While a quantum physicist might demonstrate how light can be both a particle and a wave, the artists in the Art and Design Gallery’s latest exhibition demonstrate that light’s properties go far beyond a mere duality. Featuring the works of invited fine artists and designers, along with FIT faculty, alumni, and students, Picturing Light: Artists Explore Luminosity explores light as the primary focus of a given piece, as opposed to light being a medium to illuminate other things.
The exhibition, on display now through October 27, is organized into four categories—Natural Light, Artificial Light, Reflected Light, and Depicted Light. Pieces featuring Natural Light and Reflected Light are in the sun-filled Pomerantz lobby, where natural light passes over or through the works to transform them as well as the spaces around them. By contrast, pieces featuring Artificial Light are displayed primarily in the smaller, darker gallery space in the back, where light is projected as part of the artwork or emitted from video screens, often in more abstract forms. Finally, the pieces in Depicted Light include oil paintings, film, and photography that give the appearance of light, even though there is no actual light source in the piece itself.

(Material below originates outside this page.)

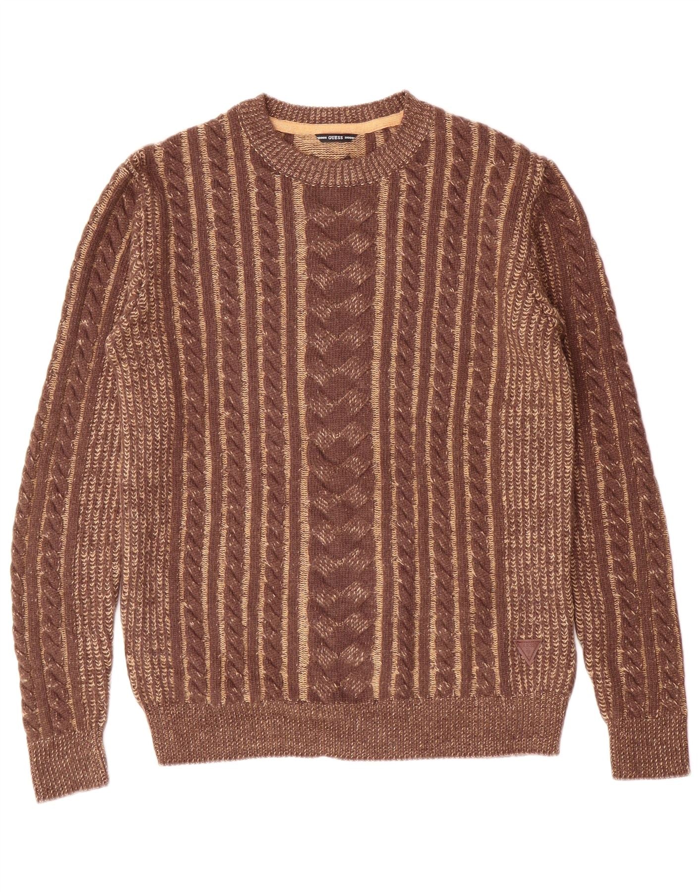 Pulover GUESS pentru bărbați cu gâtul turnat din poliamidă maro mică
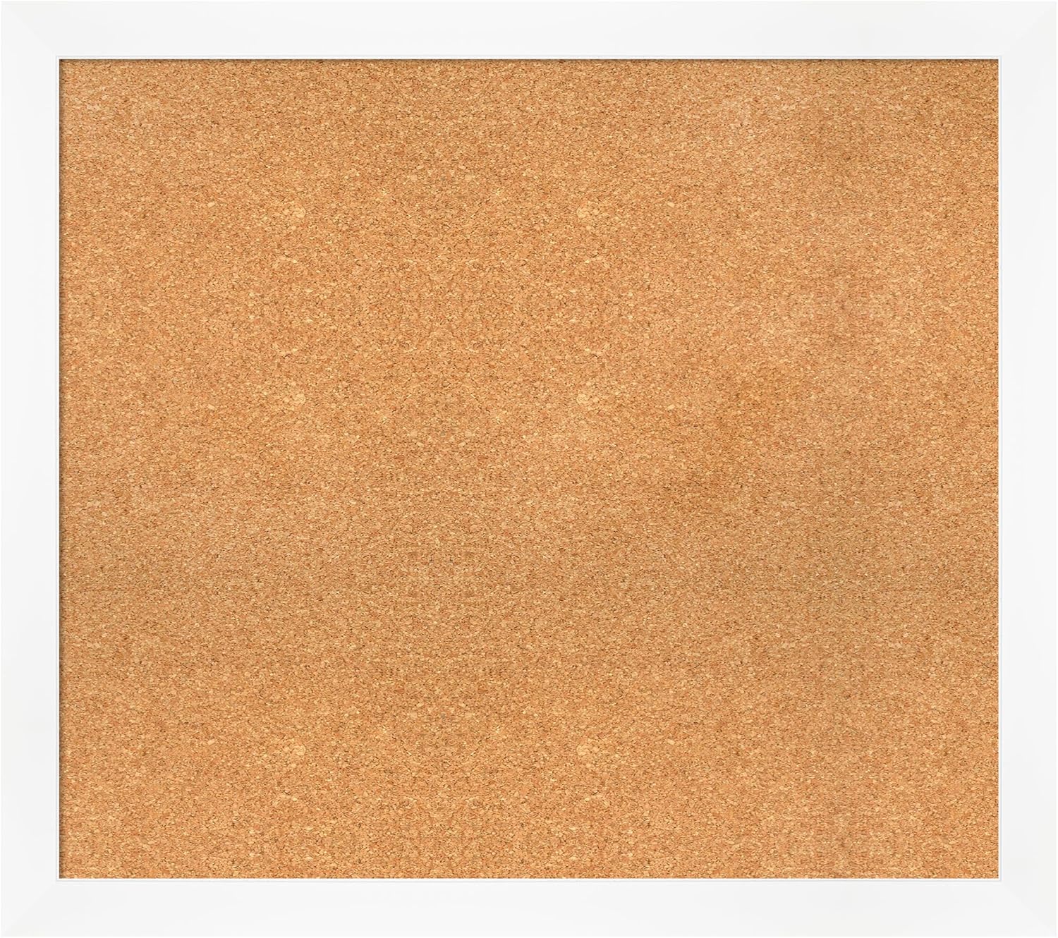 Amanti Art Natural Cork Board for Wall, 31x35 Vision Board with White Frame, Large Corkboard Office Decor for Home Organization, Modern Corkboard Pinboard to Display Items for Home Organization in

Adjunct associate professor of Communication Design Pathways and exhibition curator Anne Finkelstein said that making use of the distinct areas within the gallery space was always central to the show’s concept. Picturing Light is actually a follow-up to Finkelstein’s first show, back in 2019, called Picturing Space: Artists Imagine Architecture. That show also featured different kinds of scale and media, including sculptural pieces, that used the Art and Design Gallery in unique and site-specific ways.

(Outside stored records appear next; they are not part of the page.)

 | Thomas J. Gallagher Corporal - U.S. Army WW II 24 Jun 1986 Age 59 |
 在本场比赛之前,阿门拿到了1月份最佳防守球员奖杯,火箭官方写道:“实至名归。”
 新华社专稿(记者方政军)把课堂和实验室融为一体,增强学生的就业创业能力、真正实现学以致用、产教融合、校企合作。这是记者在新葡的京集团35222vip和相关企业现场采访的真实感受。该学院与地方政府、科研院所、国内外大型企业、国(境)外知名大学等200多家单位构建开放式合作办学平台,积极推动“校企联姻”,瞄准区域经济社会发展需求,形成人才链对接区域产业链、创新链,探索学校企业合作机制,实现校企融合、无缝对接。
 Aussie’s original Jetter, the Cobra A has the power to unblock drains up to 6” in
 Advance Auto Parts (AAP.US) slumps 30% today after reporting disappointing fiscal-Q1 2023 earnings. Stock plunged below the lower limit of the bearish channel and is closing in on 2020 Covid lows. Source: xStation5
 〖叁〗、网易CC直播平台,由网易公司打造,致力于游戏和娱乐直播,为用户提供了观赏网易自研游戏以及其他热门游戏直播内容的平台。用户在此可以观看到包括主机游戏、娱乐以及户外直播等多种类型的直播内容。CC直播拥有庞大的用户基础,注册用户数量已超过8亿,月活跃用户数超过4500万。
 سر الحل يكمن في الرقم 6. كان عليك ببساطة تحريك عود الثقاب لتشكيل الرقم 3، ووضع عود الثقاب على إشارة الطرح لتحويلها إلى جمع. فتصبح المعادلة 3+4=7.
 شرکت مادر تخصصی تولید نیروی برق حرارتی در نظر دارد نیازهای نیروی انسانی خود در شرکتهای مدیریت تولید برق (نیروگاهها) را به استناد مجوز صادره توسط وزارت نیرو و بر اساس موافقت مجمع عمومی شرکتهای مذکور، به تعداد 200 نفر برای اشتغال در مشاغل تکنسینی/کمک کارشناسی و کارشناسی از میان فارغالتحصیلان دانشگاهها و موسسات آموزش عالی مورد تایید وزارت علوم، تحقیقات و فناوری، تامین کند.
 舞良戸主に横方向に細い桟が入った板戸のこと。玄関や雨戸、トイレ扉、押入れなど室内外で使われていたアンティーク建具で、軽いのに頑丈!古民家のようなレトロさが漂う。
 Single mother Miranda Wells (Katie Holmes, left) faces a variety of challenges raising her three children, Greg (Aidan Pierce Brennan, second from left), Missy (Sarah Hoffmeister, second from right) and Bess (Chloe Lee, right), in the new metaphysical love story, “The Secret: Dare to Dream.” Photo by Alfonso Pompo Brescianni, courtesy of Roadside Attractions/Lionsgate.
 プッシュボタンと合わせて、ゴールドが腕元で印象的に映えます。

After that show, Finkelstein claimed she was out of curatorial ideas, but then her husband asked, What about a show about light? The seed was planted, but it would have to wait. Picturing Space was the gallery’s last exhibition before FIT’s Covid lockdown. Accordingly, Picturing Light has been five years in the making; in active planning, for two.

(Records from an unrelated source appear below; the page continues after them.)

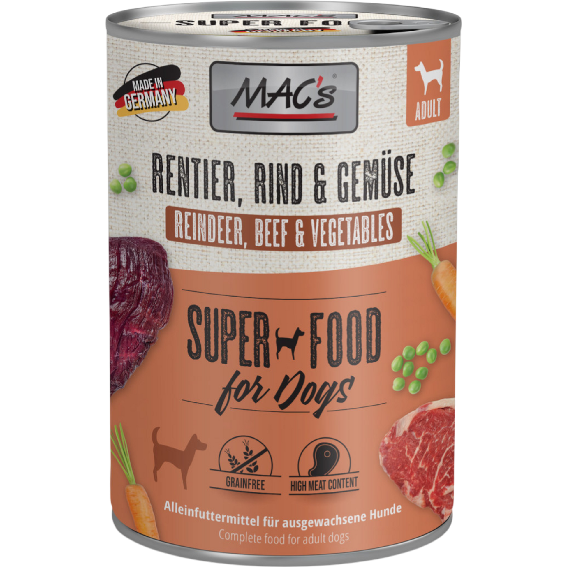 Dieses hochwertige Nassfutter kombiniert kräftiges Rind mit feinem Rentierfleisch und ausgewähltem Gemüse zu einer ausgewogenen, besonders schmackhaften Mahlzeit für anspruchsvolle Hunde. Die proteinreiche Rezeptur unterstützt Muskulatur, Energie und tägliche Vitalität.
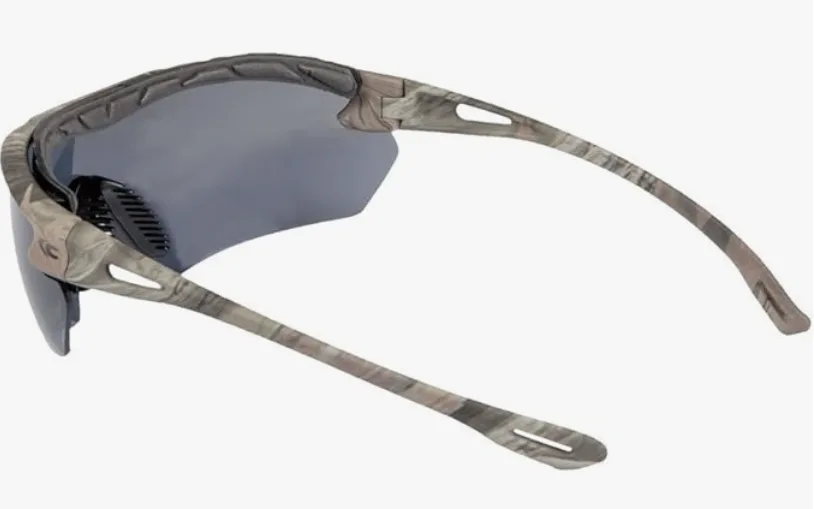 El modelo destaca por su campo de visión amplio y sin obstrucciones, un factor clave en modalidades como la caza menor o el tiro al plato. El marco y las patillas están fabricados en policarbonato con acabado de camuflaje, lo que les otorga un aspecto discreto y resistente. Las lentes, de color gris y con protección UV 400, incorporan un tratamiento antiarañazos y antivaho que garantiza una visibilidad óptima incluso en condiciones de humedad o cambios bruscos de temperatura.
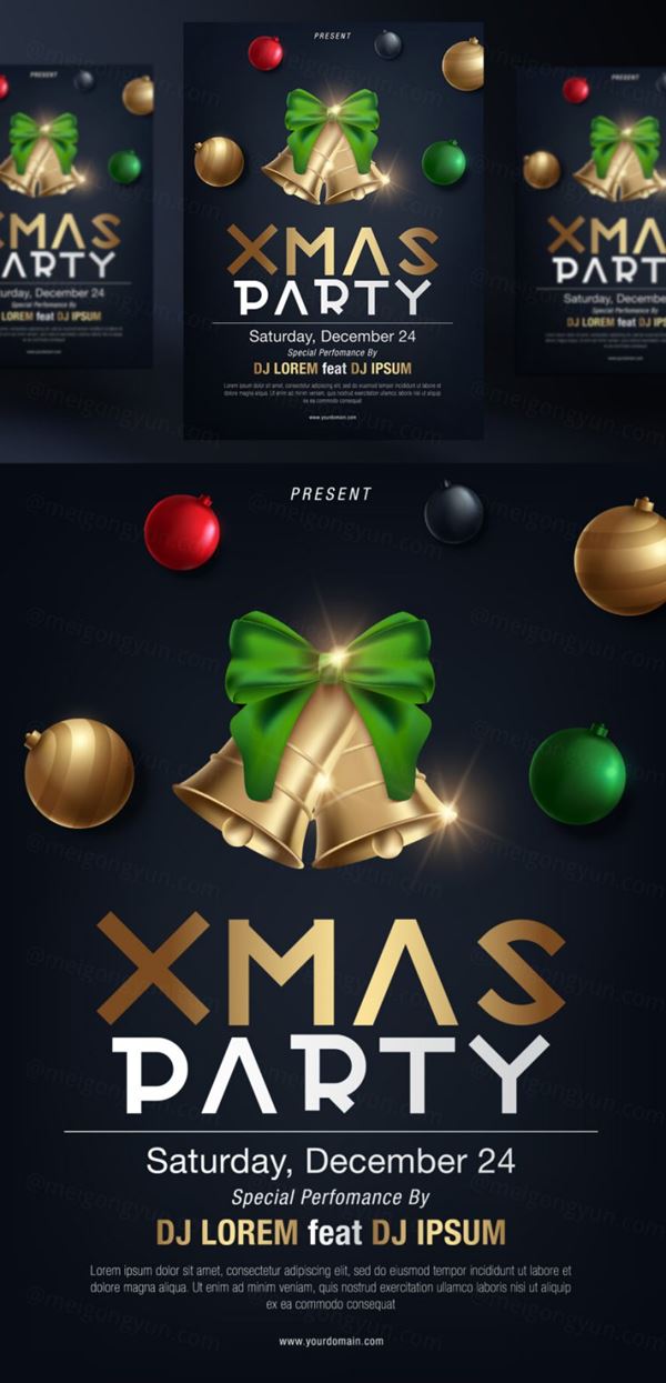 图穷联素材库 » 年黑金圣诞节新年快乐矢量插图海报素材 XMAS PARTY
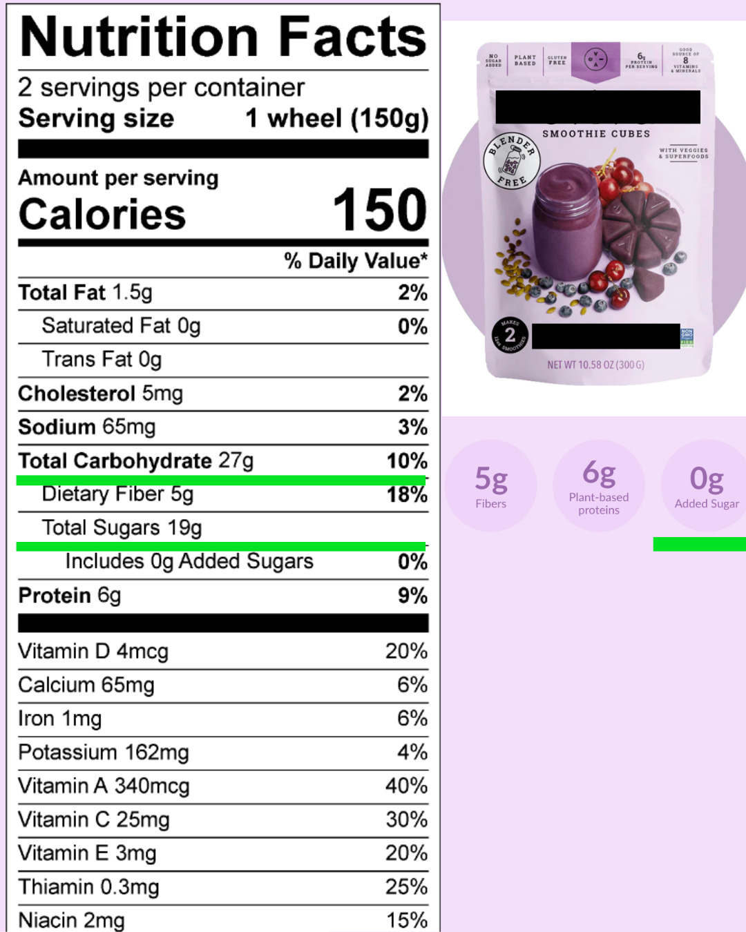 In the example below, the front of the packaging says “0 added sugar”, but if you look at the label and check Total Carbohydrates, you’ll see that it has 27 grams of carbs per serving out if which only 5 grams are fiber and 19 grams are sugar. If your total daily intake should be between 25-30 grams, well, 19 grams is quite a lot in a single serving.
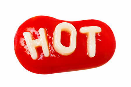 dangerously spicy chili sauce: the word hot written on a white plate with chili sauce, the flames of the letters come up, overhead view, plain background fabric
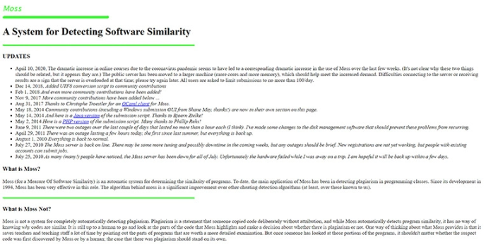 Moss is a free plagiarism detection system for softwares. The main application of it has been in detecting plagiarism in programming classes. It is one of the best online code plagiarism checkers with an easy-to-use interface.
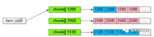 如上图所示,一系列slab分别管理128B、256B、512B等不同尺寸的chunk内存单元。

Still, pushing back against the dark times of Covid and our current moment was an important inspiration for this show.
“At this moment, we are surrounded by very scary and dark realities,” Finkelstein said. “The focus on light as a subject is an optimistic decision and in bringing this exhibition out into the world, I want to share not only the work, but the metaphor and the belief behind it. It’s a hopeful and constructive act, a manifestation of our own refusal to surrender. Instead of giving up, we are … picturing light.”
The Art and Design Gallery is located in FIT’s Pomerantz Center and is open daily from 9 am to 5 pm. The exhibition is free and open to the public.